La recherche a été menée au sein du laboratoire d’imagerie multispectrale (MILAB) du centre d’ingénierie Driftmier de l’UGA, par Thirimachos Bourlai, professeur agrégé au College of Engineering et directeur-fondateur du laboratoire. « ;Il existe de nombreuses façons uniques de reconnaître les personnes en utilisant d’autres modalités traditionnelles, comme le visage, les empreintes digitales et l’iris. La reconnaissance de l’oreille n’est qu’une autre modalité passionnante dont nous devons commencer à parler davantage en raison de ses avantages, malgré les défis compréhensibles de l’autocapture d’une image de l’oreille ;», affirme Bourlai dans une publication marketing de l’université.

L’idée du concept viendrait du fait que, tout comme les empreintes digitales, les oreilles constituent une caractéristique unique de chaque individu. Cette particularité est vérifiée même chez les vrais jumeaux car malgré leurs similitudes physiques évidentes, ces derniers présentent des différences au niveau des oreilles, affirment les chercheurs du MILAB. Par ailleurs, contrairement au visage qui peut changer au cours des années, le vieillissement des oreilles est moins perceptible, à l’exception du phénomène d’affaissement du lobe de l’oreille lorsque l’individu prend de l’âge.

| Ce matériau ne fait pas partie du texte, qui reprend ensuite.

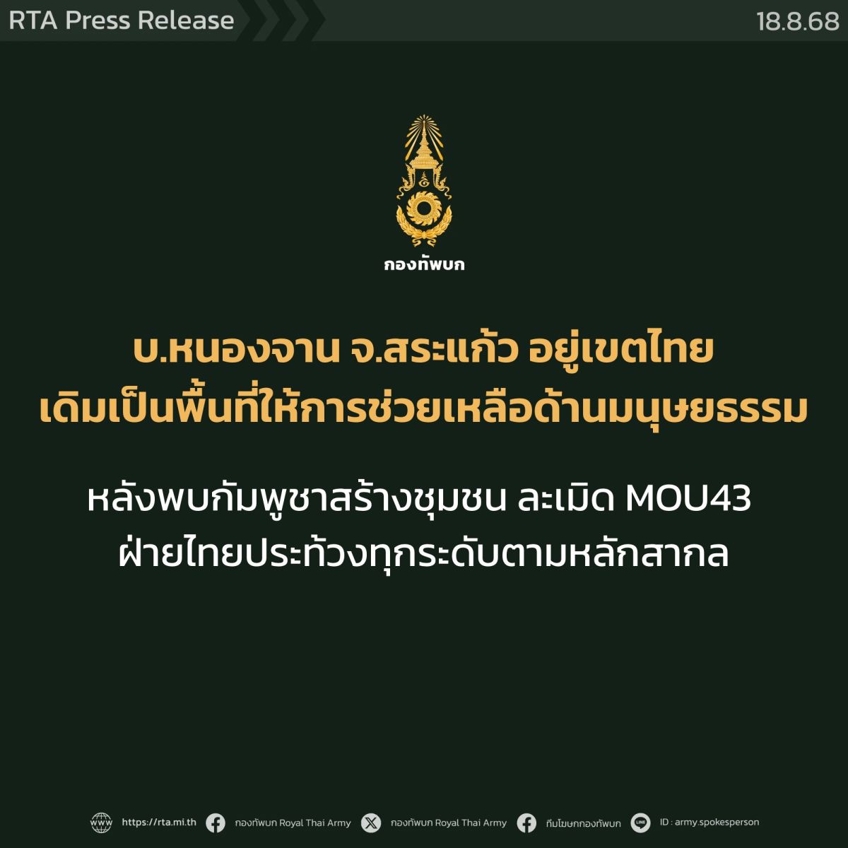 18 สิงหาคม 2568 จากกรณีที่มีชาวกัมพูชาได้ออกมาร้องเรียนเรื่องการวางรั้วลวดหนามของทหารไทยบริเวณบ้านหนองจาน จ.สระแก้ว โดยกล่าวอ้างว่าพื้นที่ดังกล่าวเป็นดินแดนของตนนั้น พลตรี วินธัย สุวารี โฆษกกองทัพบก เปิดเผยว่าแท้จริงแล้วพื้นที่ดังกล่าวเป็นอาณาเขตของประเทศไทย ซึ่งอยู่บริเวณบ.หนองจาน ต.โนนหมากมุ่น อ.โคกสูง จ.สระแก้ว รอยต่อแนวชายแดนไทย-กัมพูชา ระหว่างหลักเขตแดนที่ 46 และ 47

Les chercheurs de l’UGA affirment également que la biométrie de l’oreille présente de nombreux avantages en comparaison des technologies d’authentification classiques. En effet, selon eux, la reconnaissance de l’oreille est une approche passive, non intrusive et sans contact. Elle ne nécessite donc aucune action de la part de l’utilisateur comme c’est le cas habituellement de la vérification faciale où les expressions du visage représentent un facteur à prendre explicitement en compte.


La technologie de reconnaissance de l’oreille fonctionne à peu près de la même manière que la reconnaissance du visage ou des empreintes digitales, utilisée sur les smartphones ; elle ne nécessite donc pas de réinventer la roue, affirme le directeur du MILAB. Plus concrètement, lors de la configuration de l’appareil, « ;le téléphone capture plusieurs échantillons de l’identité d’une personne, et les images sont temporairement enregistrées dans votre appareil [...] tout comme vous devez utiliser une empreinte digitale vivante pour déverrouiller votre téléphone et la comparer à votre empreinte enregistrée, vous devrez utiliser l’oreille vivante pour le déverrouiller ;», a-t-il déclaré.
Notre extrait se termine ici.